XR (Extended Reality) refers to when “real and virtual “environments are represented jointly in a computing environment. Also, XR has recently gained some popularity with the Meta’s Metaverse initiative. Given rising interest in XR, the Streaming Video Alliance has published an eXtended Reality (XR) white paper. Before we jump into the future, we wanted to give you a peak at the some recent developments in VR video streaming over the last 12 months that we feel exemplify the state of XR video experiences. The SVA will also update its VR paper in the coming months that will include more details on the deployments referenced in this blog.

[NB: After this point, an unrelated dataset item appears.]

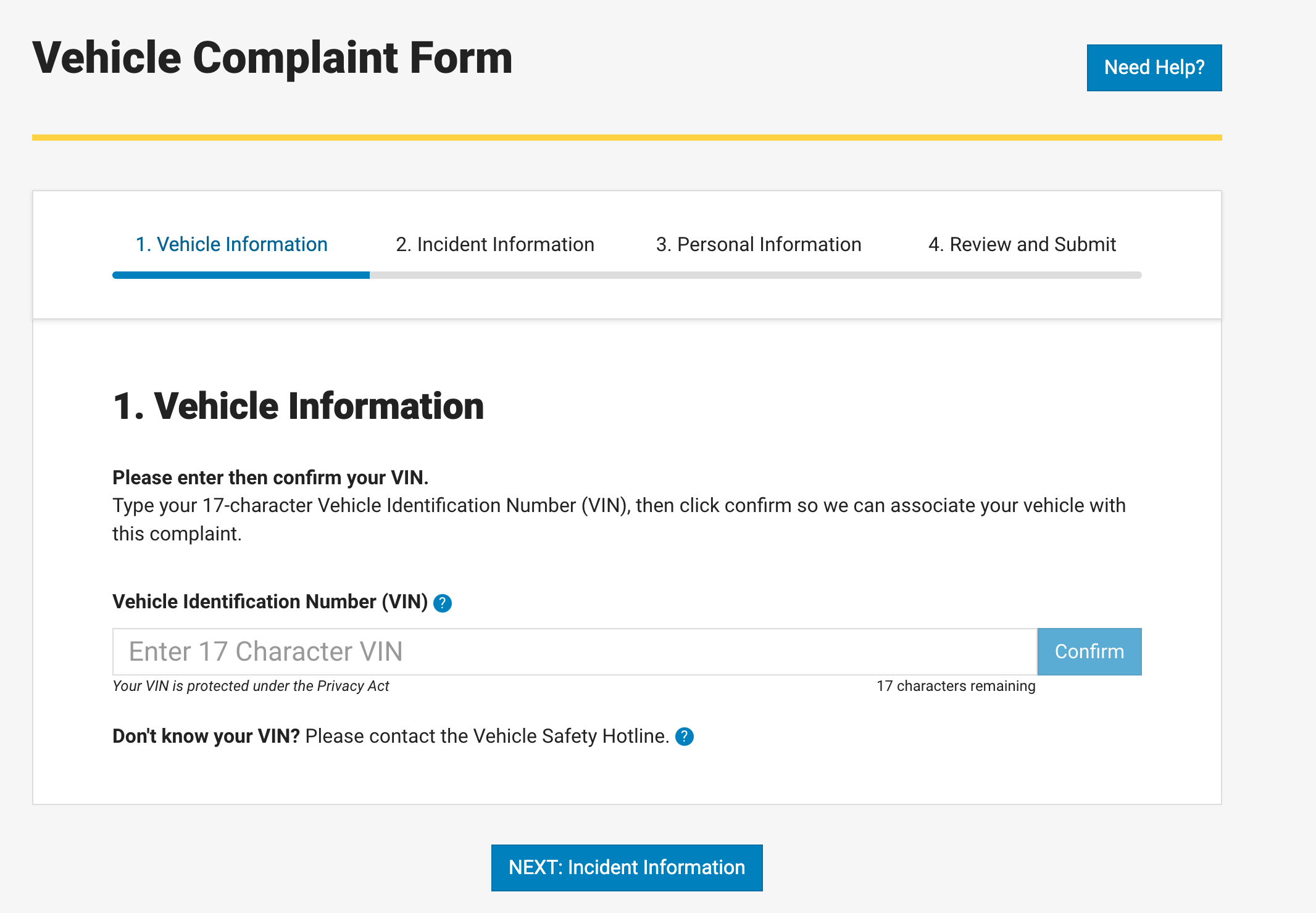 NHTSA did not immediately respond to a request for comment. The agency’s safety reporting page still requires a VIN number to submit an incident.

XR video experience: tiling technology in UK
The most talked about VR deployments in 2020 were BT and SKY, both covering soccer and both using the tiling technology developed by Tiledmedia. In short, Tiling is a form of viewport-dependent streaming that only transmits the field of view that is being watched by the user on their HMD or Mobile, thus saving a significant amount of bandwidth vs the traditional (viewport-independent) approach that sends the full sphere. Both services were launched in 2020 but with different parameters. For the BT deployment, the capture is 8K 360 degrees, with off-camera stitching. The 8K video is encoded using viewport-dependent technology and streamed to Mobile devices, both Android and iOS. Note that the service is not limited to 5G and also works on 4G networks. Bitrates are between 8 and 15 Mbit/s, depending on how dynamically the user changes their viewport. More details can be found here.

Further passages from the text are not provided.